July 28, 2009 3:15 PM
This is the first installment in a three-part series examining the climate of fear within the immigrant community in Suffolk County.
When a report was released last Wednesday detailing widespread misconduct by immigration agents during raids in Long Island and New Jersey*, Suffolk County Executive Steve Levy--who never publicly opposed the operations--gave his take on the findings. As you might have guessed from Levy's anti-immigrant reputation, he didn't issue an apology or commiserate with those who were subjected to raids. He sided with the agents. "It is a sad day when law enforcement officers who are merely seeking to enforce the law are characterized as 'bad guys,'" Levy said.
Keep that statement in mind as we go over some of the facts from the report, which found that the raids by Immigration and Customs Enforcement (ICE) agents were inappropriately executed, leading to gross civil rights violations. Stats were draw from raids between January 2006 and April 2008. Here are some of the key points of the report:
--Although the objective of the immigration home raids was to seek out high-priority targets that posed a threat to society, roughly two-thirds of those arrested by agents weren't dangerous targets. For the majority of those picked up during these operations, it was a problem of being in the wrong place at the wrong time, the report says. At its most basic level, this undertaking was flawed, since it disregarded it's mission and sought to lock up immigrants, regardless of criminal background.

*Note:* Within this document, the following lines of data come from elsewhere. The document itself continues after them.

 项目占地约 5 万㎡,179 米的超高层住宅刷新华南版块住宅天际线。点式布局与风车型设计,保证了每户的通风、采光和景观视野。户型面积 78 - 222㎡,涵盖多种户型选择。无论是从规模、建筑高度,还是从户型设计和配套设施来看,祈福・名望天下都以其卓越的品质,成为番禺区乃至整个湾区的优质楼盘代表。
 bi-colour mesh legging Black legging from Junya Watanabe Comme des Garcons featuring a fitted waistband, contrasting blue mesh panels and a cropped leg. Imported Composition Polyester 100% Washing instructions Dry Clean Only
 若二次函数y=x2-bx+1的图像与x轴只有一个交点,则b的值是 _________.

--The report found "a pattern of ICE agents physically pushing and breaking their way into private homes in direct violation of the Fourth Amendment of the Constitution." The immigration enforcement agency does not obtain judicial warrants for their home operations, so who knows how indiscriminate these break-ins actually were. Imagine if someone knocked down the door of your house without a warrant because you lived in a certain neighborhood, and how violated and terrorized you would feel. What makes this type of violation worse is that, as we stated above, this operation went after a much broader range of people than the criminal targets the agents were supposed to be pursuing.
--Once inside homes, immigration agents abandoned their predetermined targets and seized residents "in an apparent effort to meet inflated arrest expectations." So someone breaks down the door of your home, cuffs you or your loved ones, and then takes you away--against the objective of the whole operation--just to fill a quota? How would you feel?

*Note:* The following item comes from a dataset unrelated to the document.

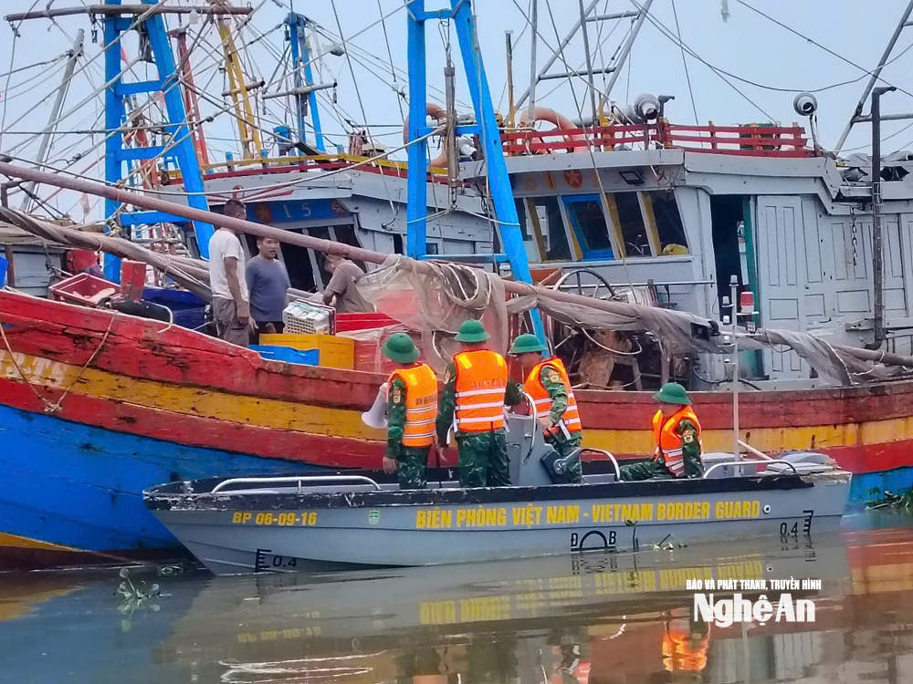| Đồn Biên phòng Diễn Thành tuyên truyền hướng dẫn các phương tiện của ngư dân neo đậu, tránh trú bão an toàn. |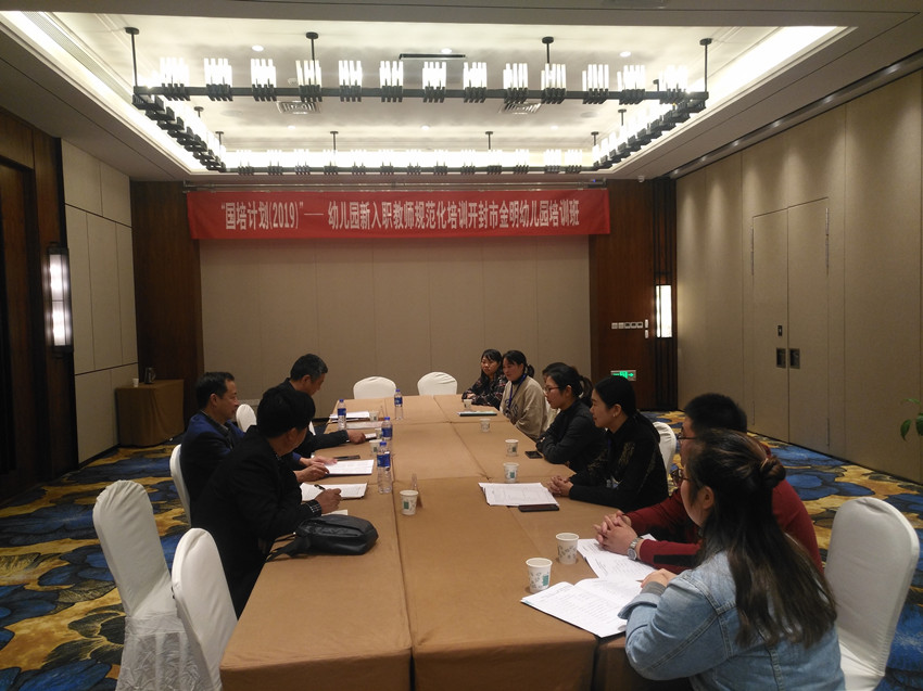 11月11日,在开封市金明幼儿园,园长张静从训前准备、培训方案、培训方式、师资团队、培训管理、后勤保障、培训效果、训后跟踪、综合评价、特色亮点、存在问题等,对今年承担的幼儿园新入职教师规范化培训作了详细汇报。

--In the raids, Latinos were disproportionally likely to get arrested without the agents articulating a reason. "Indeed, approximately 90% of the collateral arrest records reviewed, where ICE officers did not note any basis for seizing and questioning the individual, were of Latino men and women - though Latinos represented only 66% of target arrests." These agents were fishing for illegal immigrants by violating the rights of hundreds of Latinos, not to mention the fact that those actions exceed the focus of the operation.
Now consider all the instances of misconduct mentioned in the report, and weigh them against Steve Levy's reaction. He chastised the press and the public for considering these immigration agents "bad guys." But how else would you consider someone who breaks into your home? Someone who hunts you down because of your complexion, because of the neighborhood you live in, because you speak a certain language? Someone who would be willing to defy the sanctioned objectives of their operation--which was to find a select group of dangerous people--throw civil liberties out the door, and disregard the rights of area Latinos to satisfy their hunt for undocumented immigrants.
No one would endorse this sort of behavior if it was happening in their house or in their neighborhood. And it's easy to see how this type of state-sanctioned harassment could lead immigrants and Latinos in Suffolk to fear the local government, especially when the person who should be denouncing these incidents the loudest seems to be giving them his full support.
In my next installment, I'll look at what happens when residents are fearful of their own community government.
*The report was release by the Immigration Justice Clinic of the Benjamin N. Cardozo School of Law at Yeshiva University and funded by the Hagedorn Foundation.